Kipping Marc, Lilie Hauke, Lindenstrauss Ute, Andreesen Jan R, Griesinger Christian, Carlomagno Teresa, Brüser Thomas
Max Planck Research Unit for Enzymology of Protein Folding, Weinbergweg 22, D-06120 Halle, Germany.
FEBS Lett. 2003 Aug 28;550(1-3):18-22. doi: 10.1016/s0014-5793(03)00804-4.
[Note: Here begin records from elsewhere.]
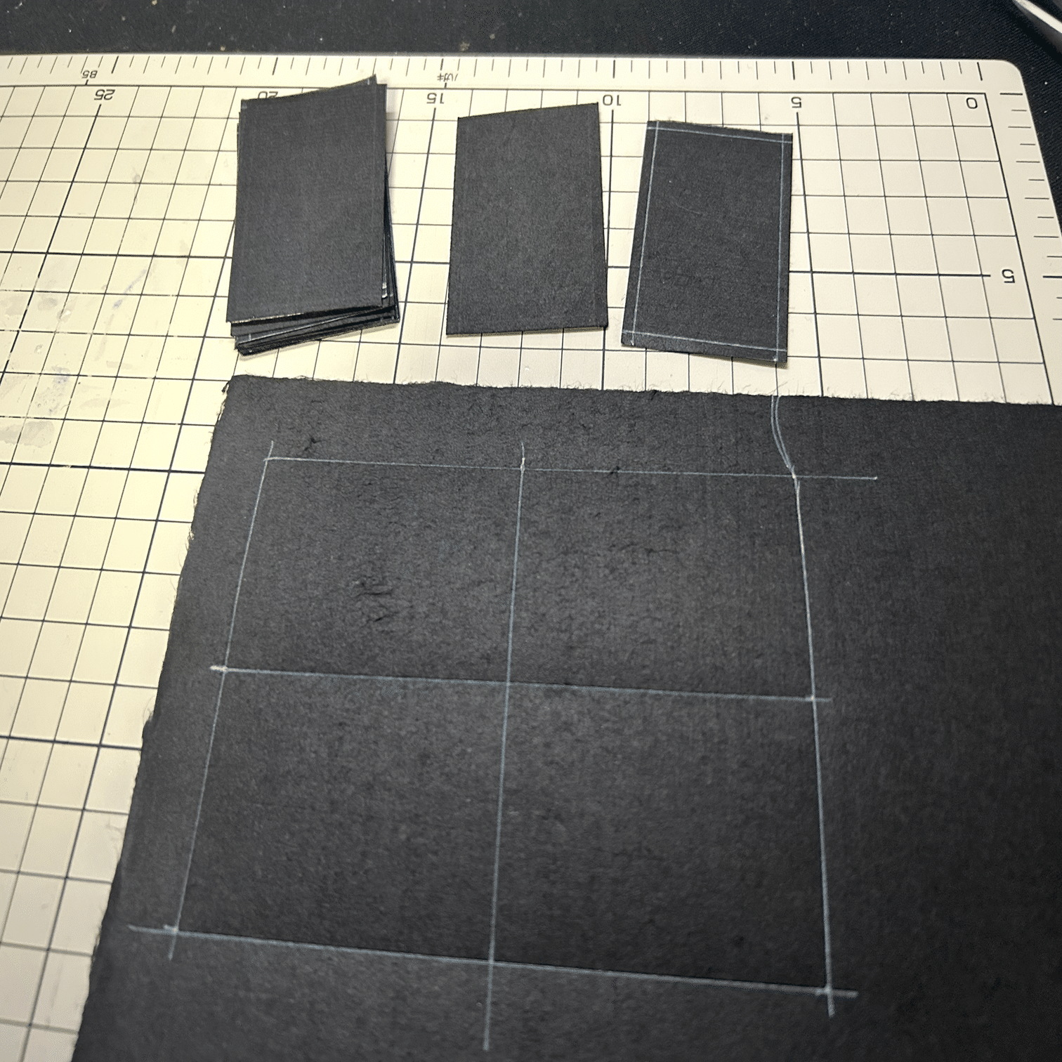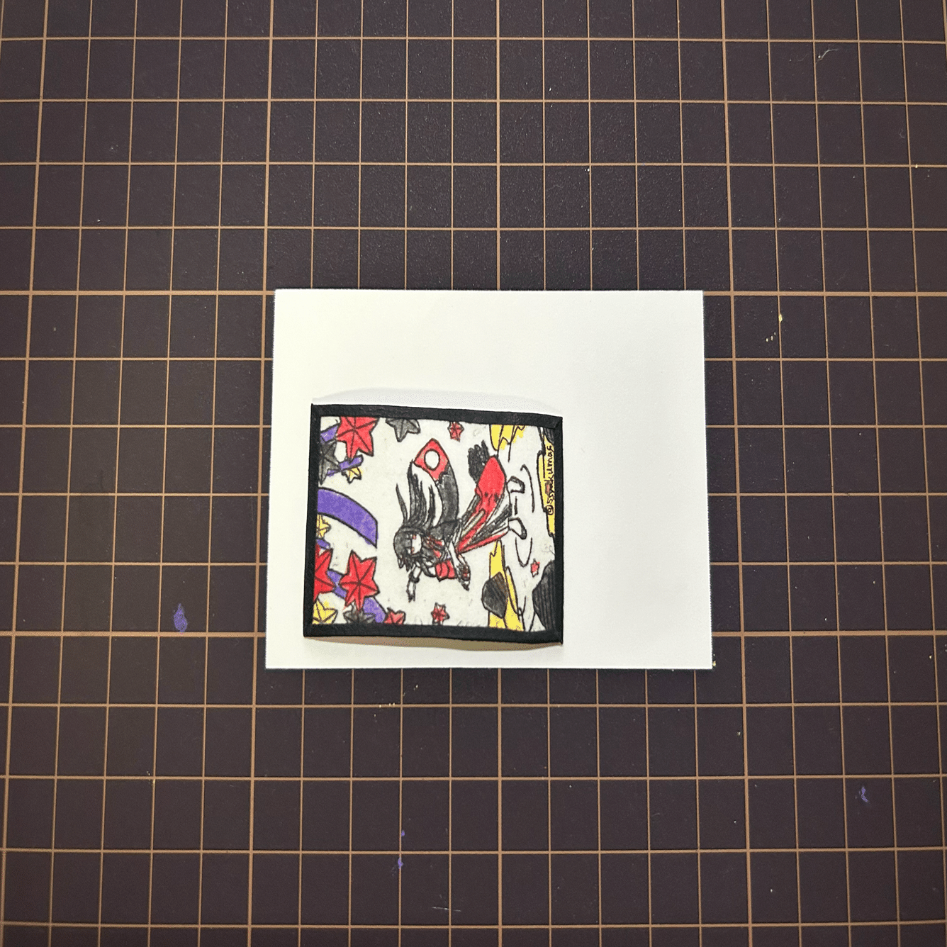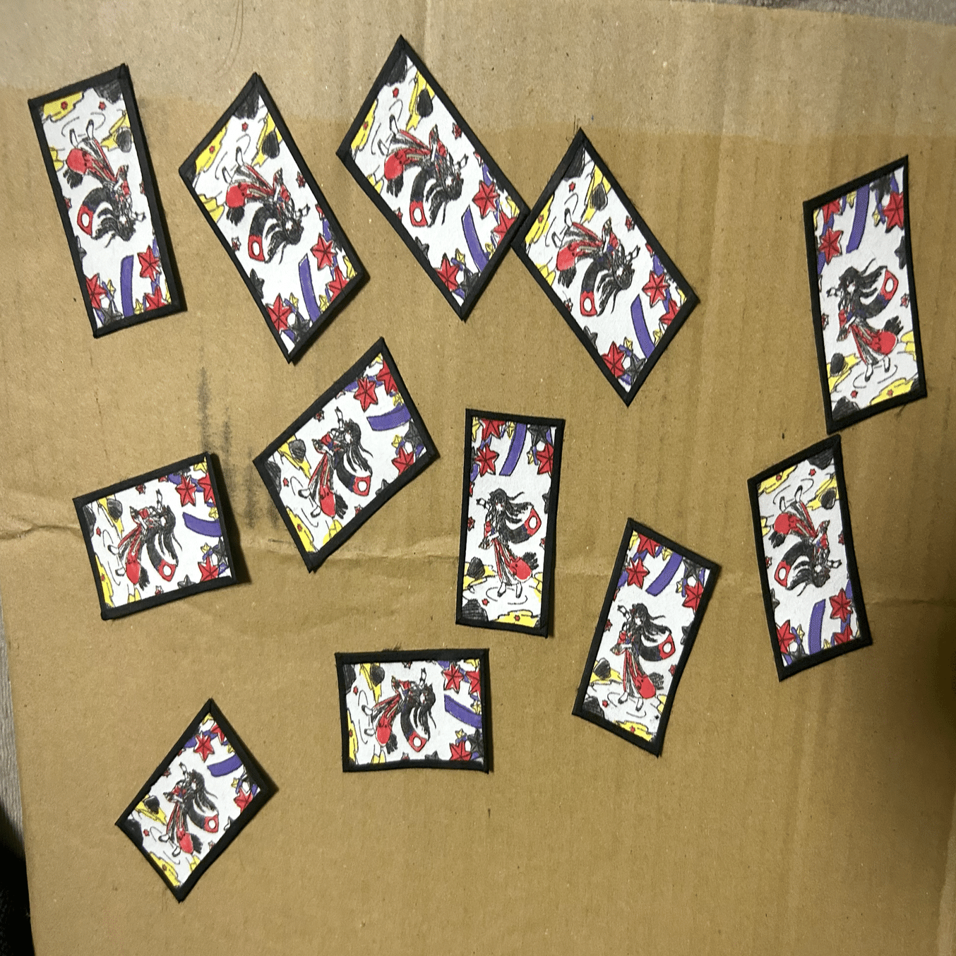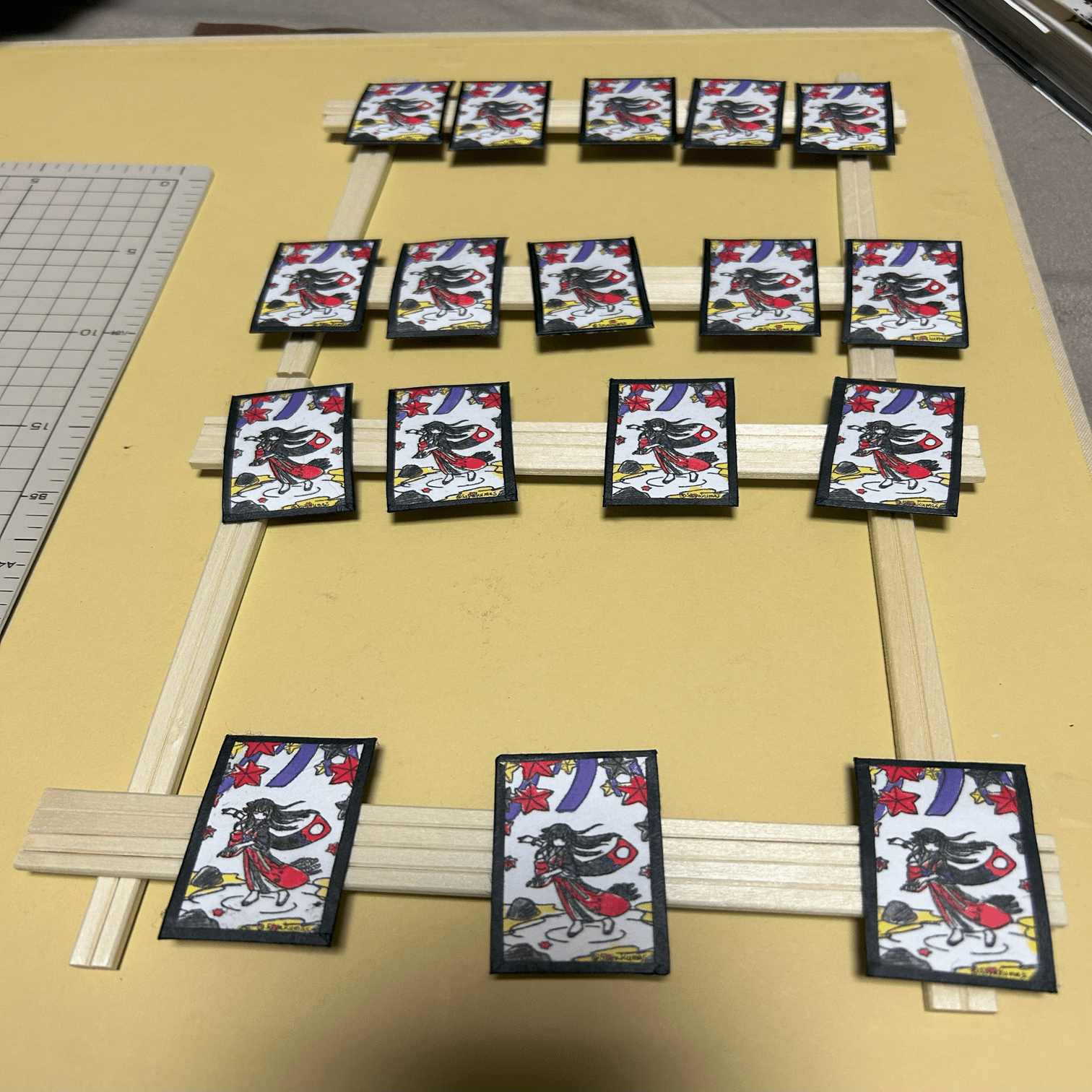 前述したように紙を厳密に同じ形にできなかったので適当な大きさで張り合わせていますが、結局ここで花札サイズにカットするんで工程的には別にこれでも良いんじゃないかと思っています。
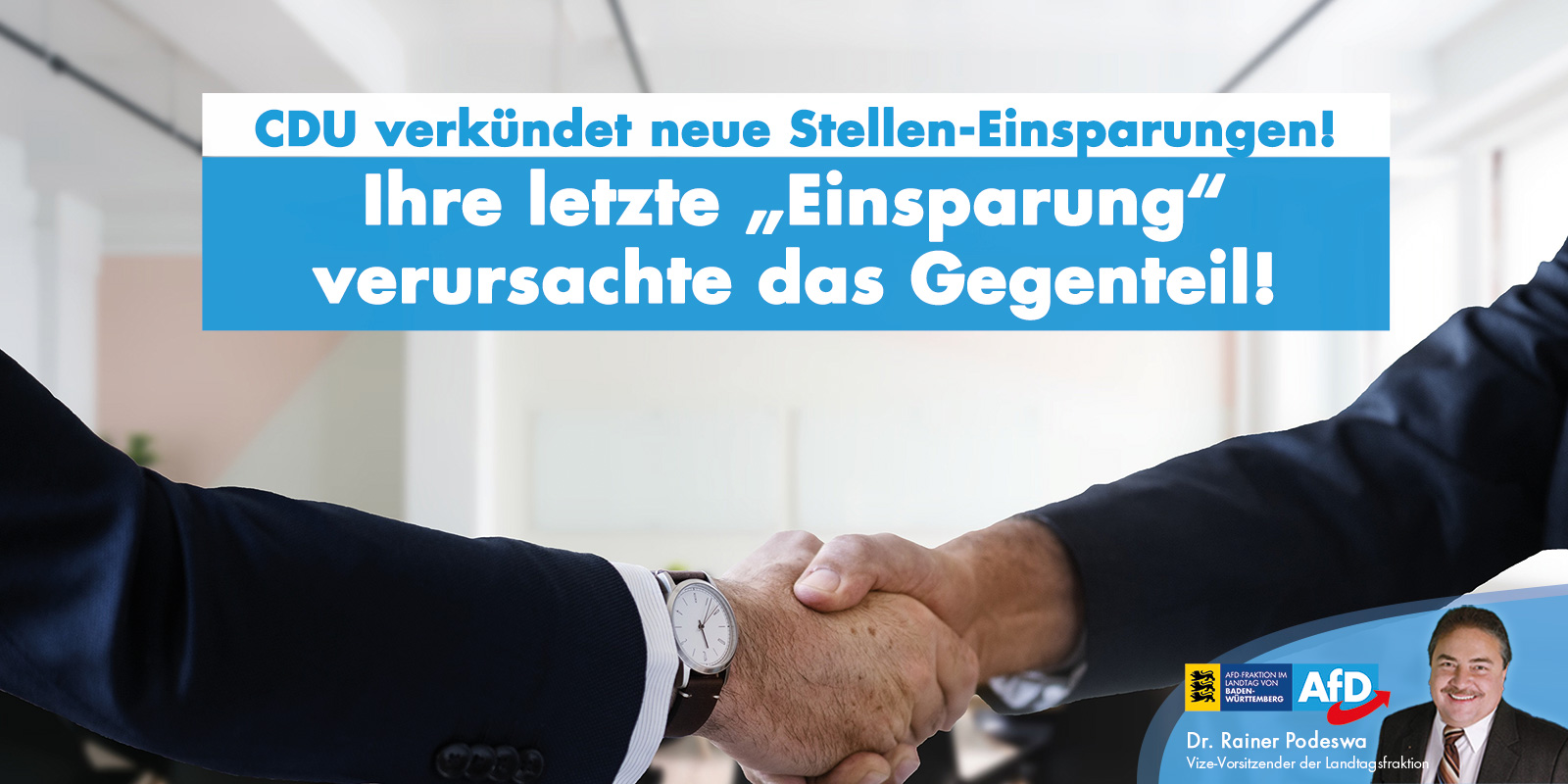„Die grün-schwarze Landesregierung hat in der vergangenen Legislaturperiode tausende Stellen aufgebaut, statt wie versprochen abzubauen. Der Bürger und die Opposition lassen sich von diesem erneuten Versprechen keinen Sand in die Augen streuen. Ich hätte nicht gedacht, das sich der CDU-Verhandlungsführer Strobl noch unglaubwürdiger machen könnte“, so Dr. Podeswa weiter.
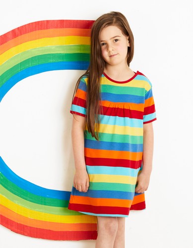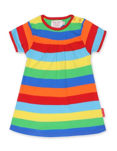 Our classic multi stripe in this gorgeous, easy-to-throw-on summery t-shirt dress! Perfect for those warm beach days or play in the garden, and the 100% certified organic cotton fabric means your little one will always be extra comfortable.
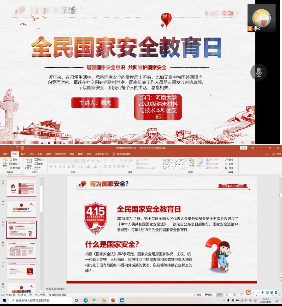 4月15日是第七个全民国家安全教育日,为推动国家安全宣传教育工作深入开展,增强全民安全意识,草莓视频 紧扣活动主题——树牢总体国家安全观,感悟新时代国家安全成就,为迎接党的二十大胜利召开营造良好氛围,根据疫情防控要求,于4月14日下午,以线上宣讲的形式开展了国家安全教育日宣传教育主题团日活动。全体本科团支部参加此次宣讲会。
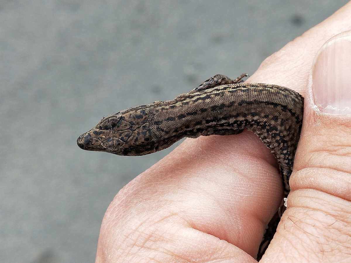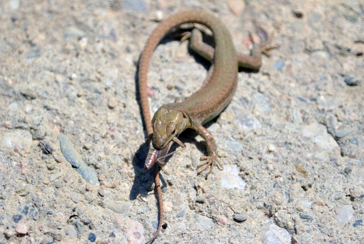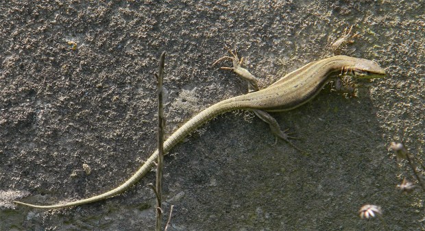Un ejemplar adulto de lagartija parda puede llegar a medir unos 14 centímetros de longitud. Tiene el cuerpo aplanado y la cabeza triangular. El dorso es de color pardo con tonos verdes. Y tiene una línea vertebral negra y fragmentada que va de cabeza a cola. Esta coloración la ayuda a esconderse. Los tonos verdes del dorso me recuerdan al color de los líquenes que crecen sobre piedras y paredes. Sin embargo, existe gran variabilidad de un ejemplar a otro. Las fotos de esta entrada corresponden todas a ejemplares diferentes encontrados en Santa Coloma de Gramenet. La primera imagen es de una pared en la avenida de la Pallaresa. Las imágenes 3 y 4 fueron tomadas en la ribera del río Besós. También las imágenes 5 y 6 fueron tomadas en la misma zona. Pertenecen a un ejemplar cazado por un niño. Y en las cuatro últimas se puede ver cómo un adulto traga un saltamontes (figuras 7 a 10). Como se puede ver, hacer una descripción del aspecto no es fácil, ya que entre cada individuo hay variabilidad. Pero si la comparamos con Podarcis muralis, la lagartija roquera, que se encuentra también en Cataluña, observaremos un patrón más sencillo y una coloración más apagada.
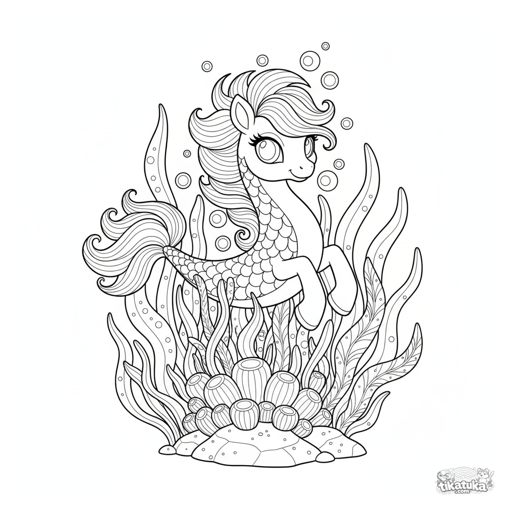 Página para colorir difícil: um pônei marinho com crina brilhante numa floresta de algas mágica. Para crianças de 8 a 12 anos. Estilo cartoon detalhado.
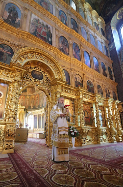 Его Высокопреосвященство возглавил раннюю Литургию в Успенском соборе обители.
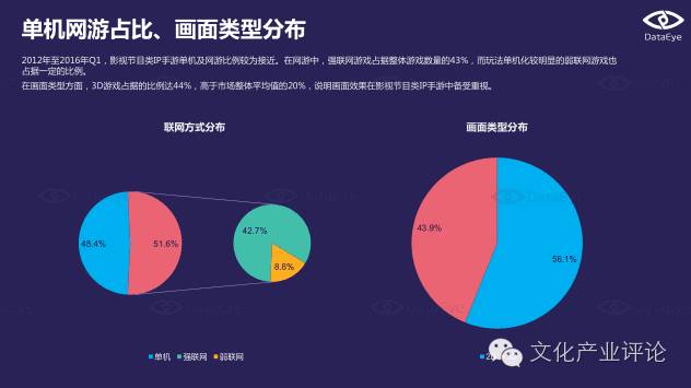 2012年至2016年Q1,影视节目类IP手游单机及网游比例较为接近。在网游中,强联网游戏占据整体游戏数量的43%,而玩法单机化较明显的弱联网游戏也占据一定的比例。在画面类型方面,3D游戏占据的比例达44%,高于市场整体平均值的20%,说明画面效果在影视节目类IP手游中备受重视。

Translocation of folded proteins across biological membranes can be mediated by the so-called 'twin-arginine translocation' (Tat) system. To be translocated, Tat substrates require N-terminal signal sequences which usually contain the eponymous twin-arginine motif. Here we report the first structural analysis of a twin-arginine signal sequence, the signal sequence of the high potential iron-sulfur protein from Allochromatium vinosum. Nuclear magnetic resonance (NMR) analyses of amide proton resonances did not indicate a signal sequence structure. Accordingly, data from H/D exchange matrix-assisted laser desorption/ionization-time of flight (MALDI-TOF) mass spectrometry showed that the amide protons of the signal sequence exchange rapidly, indicating the absence of secondary structure in the signal sequence up to L29. We conclude that the conserved twin-arginine motif does not form a structure by itself or as a result of intramolecular interactions.
折叠蛋白跨生物膜的转运可由所谓的“双精氨酸转运”(Tat)系统介导。为了实现转运,Tat底物需要N端信号序列,该序列通常包含同名的双精氨酸基序。本文我们报道了首个双精氨酸信号序列的结构分析,该信号序列来自嗜酒色杆菌的高电位铁硫蛋白。酰胺质子共振的核磁共振(NMR)分析未表明信号序列结构。因此,氢/氘交换基质辅助激光解吸/电离飞行时间(MALDI-TOF)质谱数据显示,信号序列的酰胺质子快速交换,表明直至L29信号序列中不存在二级结构。我们得出结论,保守的双精氨酸基序自身不会形成结构,也不会因分子内相互作用而形成结构。